As bne IntelliNews reported herehere and here, Russia has been actively preparing for a possible war with the West since 2012, or at least to better provide itself with enough military firepower to give the Kremlin some serious leverage when arguing for a place at the top global table of international geopolitics.

While Nato still massively out-spends, out-mans and out-guns Russia, and would clearly win any protracted war, the problem with Nato is its configuration is all wrong. Except for the US, Estonia, Poland, Greece and UK, the other Nato members have cut their spending to below the mandatory 2% of GDP in recent years. More importantly, its forces are not deployed for a classic front-based showdown, whereas Russia’s smaller forces are.

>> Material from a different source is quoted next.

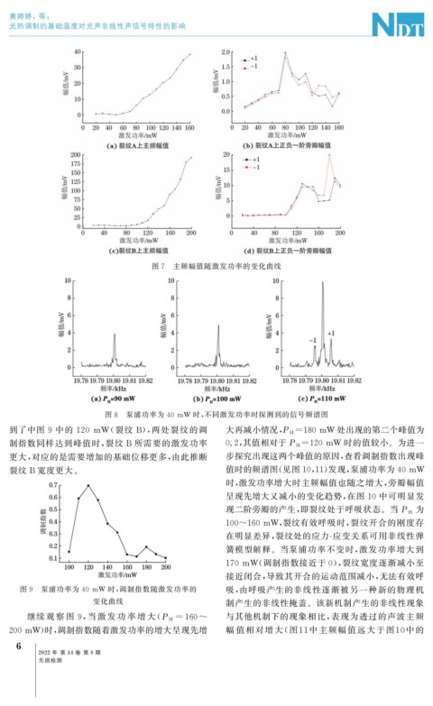 制指数同样达到峰值时, 裂纹 B 所需要的激发功率 0.2 , 其值相对于 P H=120mW 时的值较小。为进一
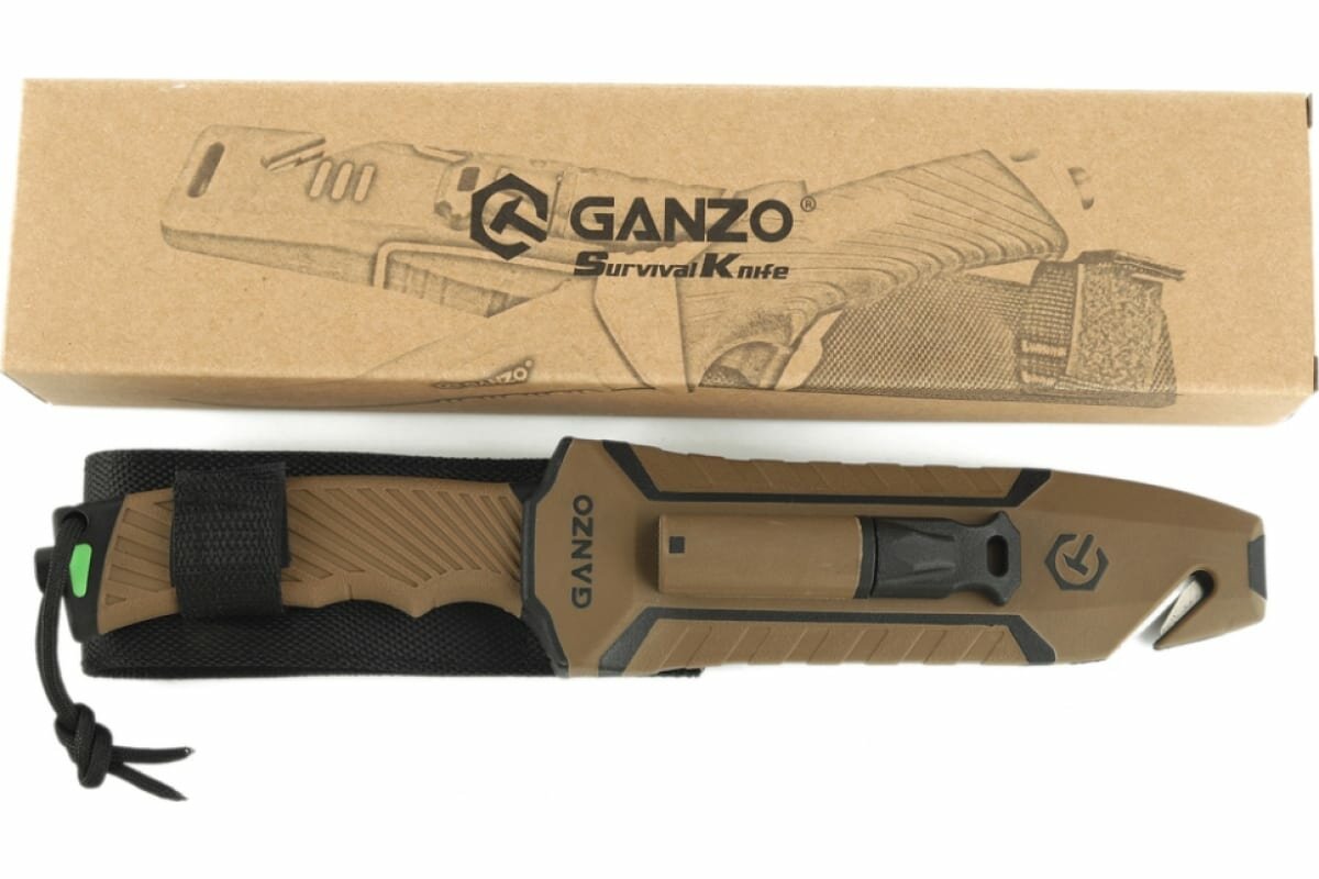 Отзывы на Нож туристический GANZO, длина 243 мм, сталь 8CR13, коричневый, с паракордом, в ножнах

Putin has run a series of large-scale rapid-response military exercises this year, all designed to get the Russian military reaction time down. The result is Russia could deploy over 100,000 troops in less than seven days whereas Nato would take a lot longer to mass this number of troops and get them anywhere. If Russia invaded the Baltics, then Russia would beat Nato to the coast.  According to some analysts, Russia would probably take control of many of the strategic positions in Europe long before Nato could rally its forces to protect them. In simple terms, Russia’s forces are configured for a blitzkreig that Nato would be unable to stop in the short run.

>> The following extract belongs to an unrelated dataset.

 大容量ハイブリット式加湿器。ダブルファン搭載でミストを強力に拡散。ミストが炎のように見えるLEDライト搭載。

And that is the calculus: Putin doesn't need to be able to defeat Nato; he just needs to make the prospect of going to war sufficiently unpalatable to give him a very strong hand in any negotiation with the West. Both the Russians and even the Estonian ambassador to Moscow say there is no prospect of a Russian invasion in the Baltics. But Syria is a different kettle of fish, as the theatre of operations is already full of troops, planes and battleships. And accidents do happen.